Но в банке произошло нечто необъяснимое.
Приказав своей кассе выдать Гоголю деньги, Калман Майер Ротшильд в следующую минуту неожиданно отменил приказ.
Что случилось в эту таинственную минуту марта 1847 года в неаполитанском отделении банка Ротшильдов – Гоголь ли вдруг показался банкиру не Гоголем, то есть тем самым не-Гоголем, который «завелся во Франкфурте» и получал вместо Гоголя, будучи, в сущности, другим Гоголем, гоголевскую корреспонденцию; или и в самом деле «неаполитанский Ротшильд», как потом объяснял Гоголь Жуковскому, не поверил (что очень странно) «ни удостоверению гамбургского Гейне, ни ручательству франкфуртского кровного брата», – сказать трудно.
Вексель был отправлен с требованием новых справок и удостоверений назад во Франкфурт; из Франкфурта – в Гамбург; из Гамбурга – в Петербург, куда он явился уже вместе с распоряжением Гоголя Плетневу получить деньги у барона Штиглица, – дальнейшую судьбу ценной бумаги проследить невозможно…
VIIЧерез два месяца, дождавшись, когда весеннее солнце основательно прогреет люто холодную, по его представлениям, Заальпийскую Европу, Гоголь двинулся из Неаполя на север, поставив целью вояжа Франкфурт.
Он ехал, как всегда, не спеша и не кратчайшим путем – заехал на побывку в Рим; завернул во Флоренцию; подождал парохода в Генуе; погулял по Марселю; погостил в Париже и, наконец, 10 июня добрался до квартиры Жуковского в доме Зальцведеля во Франкфурте на набережной Майна.
Из Франкфурта он отправил 20 июня то самое письмо, в котором дал поручение Прокоповичу отыскать другого Гоголя в Петербурге.

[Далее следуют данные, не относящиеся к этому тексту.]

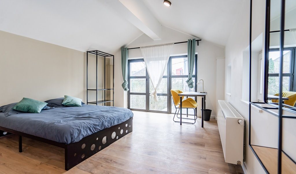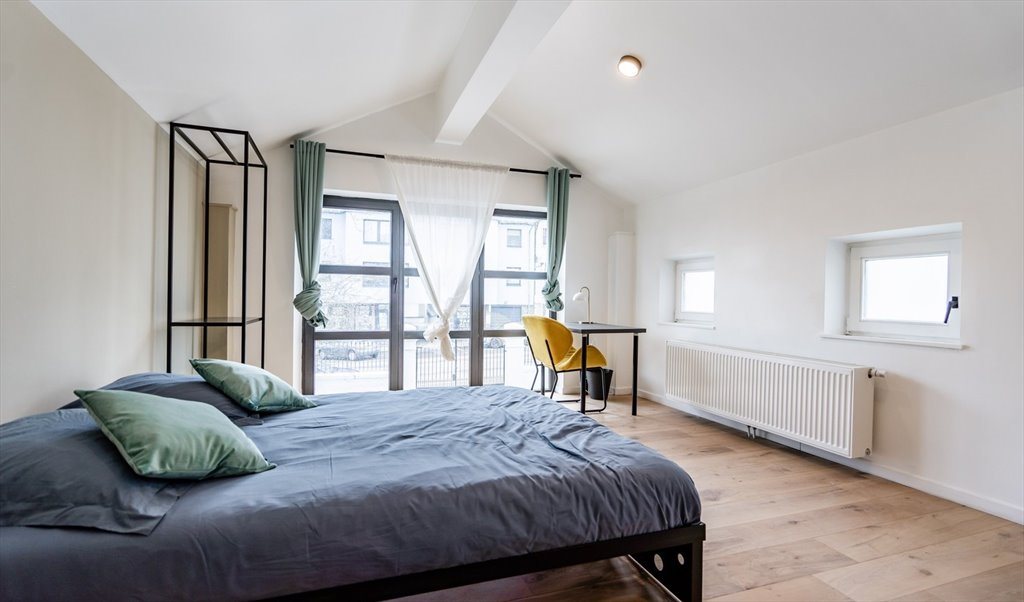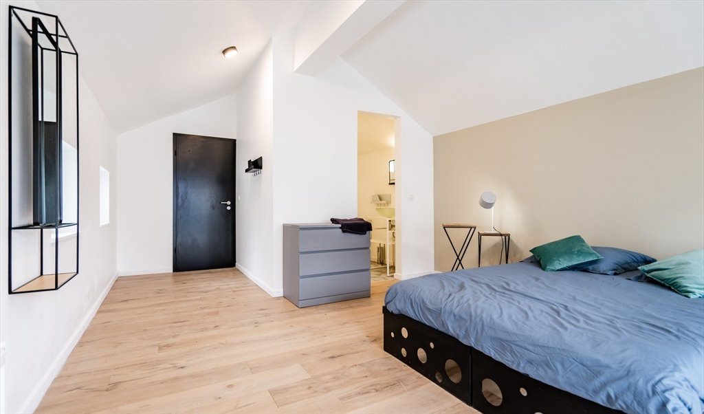Maison en colocation de 180 m² est composée de 4 chambres, de 4 salles de bain, de 40 m² d'espaces communs (salon, cuisine, salle à manger) et d'espaces extérieurs.
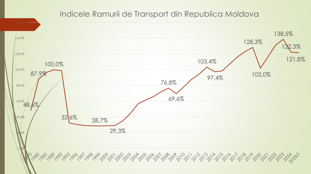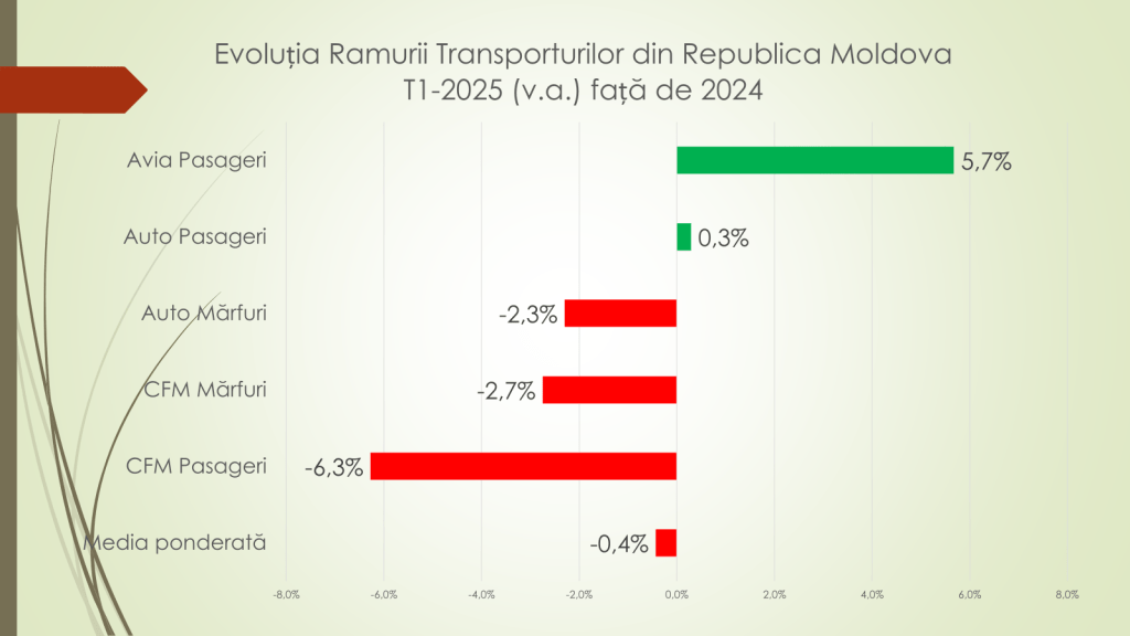 În primul trimestru din 2025, în valoarea anuală, activitatea ramurii de transport a înregistrat o ușoară scădere, în special transportul de mărfuri. Activitatea transportului auto a scăzut cu 1,4%, iar a transportului feroviar – cu 2,8%. Pe de altă parte, activitatea transportului avia a avut o creștere de 5,7%. Datele au fost prezentate vineri, 30 mai, 2025, de către Veaceslav Ioniță, expert în politici economice la IDIS „Viitorul”, în cadrul emisiunii săptămânale „Analize economice cu Veaceslav Ioniță”.

Николай Васильевич не стал сообщать гимназическому товарищу те дополнительные сведения о не-Гоголе, которые он сообщил Жуковскому и Плетневу в письмах к ним из Неаполя, а именно: что другой Гоголь был женат; что у него были дети; что он был человеком «беспутным и безденежным»; что долгое время он жил во Франкфурте, где водил дружбу с другим Жуковским…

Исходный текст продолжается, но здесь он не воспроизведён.